* **TASK OBJECTIVE**
Write out exactly, and only, the lines below from the line with "Michael Zieher, Direktor" through the line with "1. Press the"; pictures do not belong in the copy.

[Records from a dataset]
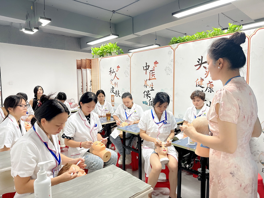廣西學(xué)美容面部、廣西學(xué)面部提升:想要掌握撥筋棒點(diǎn)按面部xue位的手法,在此之前,同學(xué)們必須跟著老師通過在假頭模上練習(xí)認(rèn)識和熟知不同xue位的作用后,才能正式開啟真人操作。
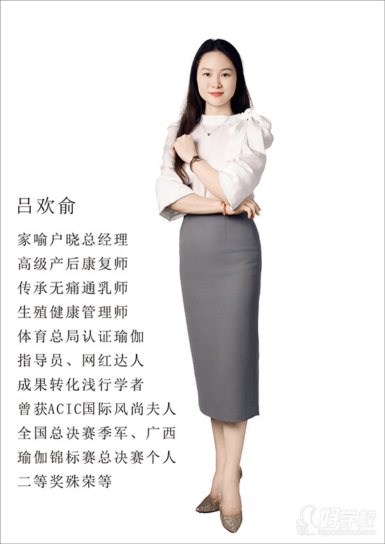 榮譽獎項:曾獲 ACIC 國際風尚夫人全國總決賽季軍、廣西瑜伽錦標賽總決賽個人二等獎殊榮等。
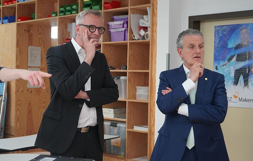 Michael Zieher, Direktor des Landesmedienzentrums (li) und OB Dr. Frank Nopper (re) zeigen sich interessiert an den neu gestalteten Lernräumen.
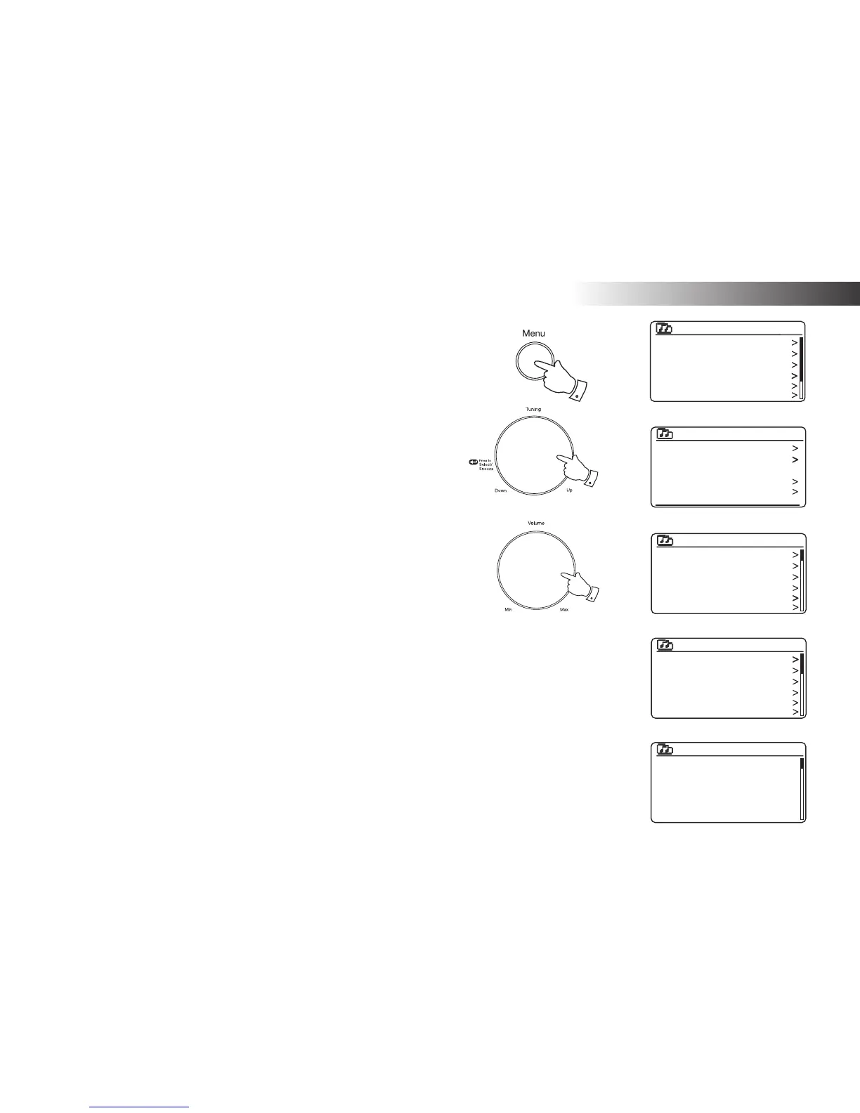 1. Press the Menu button to enter the main Internet Radio menu. Rotate
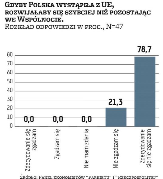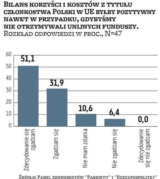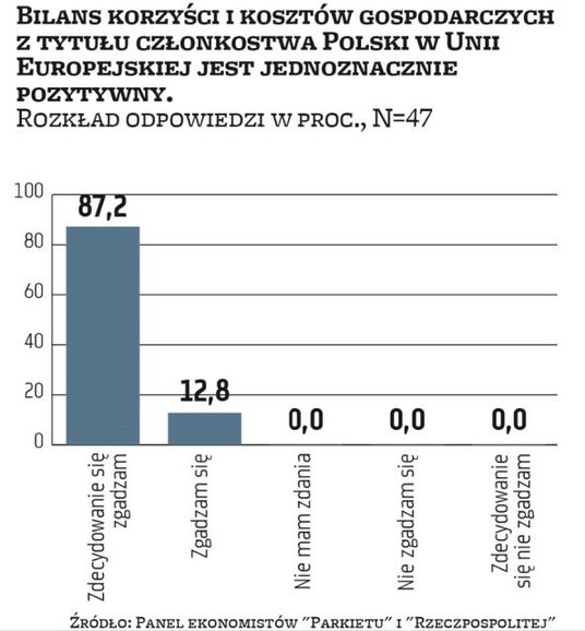 Takiej jednomyślności, jak w sprawie bilansu uczestnictwa Polski w UE, wśród uczestników panelu ekonomistów „Parkietu" i „Rzeczpospolitej" jeszcze nie było. To samo w sobie jest wymowne, bo od lipca ub.r. tej grupie wybitnych ekonomistów przedstawiliśmy do oceny już niemal 40 tez na różne tematy ekonomiczne. Zwykle te oceny były zróżnicowane. Do konsensusu blisko było w sprawie tzw. emerytury obywatelskiej, gdy ponad 80 proc. uczestników naszego panelu eksperckiego uznało, że to chybiona koncepcja. Tym razem wszyscy zgodzili się z tezą – w tym 87 proc. zdecydowanie – że „bilans korzyści i kosztów członkostwa Polski w UE jest jednoznacznie pozytywny". A przy tym udział w tej sondzie wzięło aż 47 ekonomistów, najwięcej w ponadrocznej już historii naszego panelu.

* **ANSWER BOX**
 Michael Zieher, Direktor des Landesmedienzentrums (li) und OB Dr. Frank Nopper (re) zeigen sich interessiert an den neu gestalteten Lernräumen.
 1. Press the Menu button to enter the main Internet Radio menu. Rotate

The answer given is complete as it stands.